E aqueles que você acredita que poderia fazer melhor?
Sou extremamente perfeccionista, mas tenho como pressuposto de trabalho a satisfação do cliente. Nunca faço um projeto para mim, mas sim para o cliente. O projeto tem que estar perfeito para o cliente porque como profissional, defronte a um projeto, sempre acho que algo pode melhorar mas se fosse colocar na prática, nenhum projeto teria fim.
Quais profissionais deste mercado que você admira e por quê?
Difícil falar. Campinas tem muitos profissionais de qualidade. Muitos já bem estabelecidos no mercado e outros em plena ascensão profissional. É muito complicado falar em admiração, pois admiro muitas pessoas daqui, seja pela longa história profissional ou pela estética do traço, das obras. Mas posso dizer que costumo me espelhar, em um âmbito maior, em arquitetos como Álvaro Siza, Paulo Mendes da Rocha, Vilanova Artigas e Décio Tozi. Sou um admirador convicto da escola paulista de arquitetura, do minimalismo e do brutalismo.
Sustentabilidade virou a palavra do momento. As pessoas realmente saber o seu significado? E você não acha que isto pode ser apenas um modismo?

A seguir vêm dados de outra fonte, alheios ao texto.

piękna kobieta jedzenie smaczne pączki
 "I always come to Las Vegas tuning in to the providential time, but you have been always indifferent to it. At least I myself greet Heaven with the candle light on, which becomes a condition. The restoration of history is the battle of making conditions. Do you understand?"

Fico feliz que as pessoas tenham criado a consciência de que se não cuidarmos do planeta, ele pode acabar. E não digo isso por demagogia, por achar bonito ou por ser “eco-chato”. Digo porque as evidências estão à mostra. Infelizmente a palavra “sustentabilidade” ganhou um cunho comercial muito forte e vem sido usada para agregar um valor subjetivo aos empreendimentos que nem sempre são reais. Sustentabilidade está ligada ao reuso, à consciência ecológica, ao consumo consciente de recursos . De nada adianta realizar um empreendimento dito sustentável, sem a utilização de materiais que não agridam ao meio ambiente, que tenham uma emissão controlada de gás carbônico e gerar toneladas de resíduos durante sua construção.
Quanto ao modismo, espero e também trabalho para que as pessoas realmente se importem em serem mais críticas quanto ao consumo, que se questionem a respeito da procedência dos materiais e quanto impacto eles geram ao meio. Sustentabilidade não pode ser modismo, deve ser um pensamento coletivo, para que o mundo possa ser um lugar equilibrado e de todos.

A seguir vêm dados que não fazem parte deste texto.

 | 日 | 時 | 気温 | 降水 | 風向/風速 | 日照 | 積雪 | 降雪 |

Você acabou de ser premiado pelo ambiente na Campinas Decor 2010. Conte sobre este trabalho e da importância do prêmio.
Ter o trabalho reconhecido já é um prêmio muito gratificante. Mas esse prêmio do Campinas Decor veio em um momento muito importante para minha carreira. Todo o processo para a Campinas Decor 2010 foi um grande desafio, pois o prazo de execução foi muito curto e não se tratava apenas de um ambiente onde seria exigida somente um projeto de interiores, foi uma obra completa. Ser avaliado por um júri tão significativo, e ter esse resultado, acredito que um prêmio como esse, além de me valorizar como profissional para o mercado, ainda me dá confiança de que o trabalho que venho realizando, está sendo correto e tem agradado bastante.
Casa Cor Campinas 2010 está chegando. Você poderia falar sobre seu ambiente?
O ambiente será uma referência ao museu da aviação da TAM e a um lounge vip de sala de embarque, onde os visitantes poderão conhecer um pouco mais da história da empresa. Será um espaço corporativo para interação e resgate do glamour dos tempos áureos da aviação. Ainda terão comissários vestidos com os uniformes usados na década de 70, em referência ao projeto vintage da TAM e ainda produtores circulando em todo o evento atraindo a atenção do público ao prazer de voar.
E quais seus planos pós-Casa Cor 2010?
Certamente, participarei da próxima edição da Campinas Decor e no momento, estamos reformando e ampliando as atividades do escritório.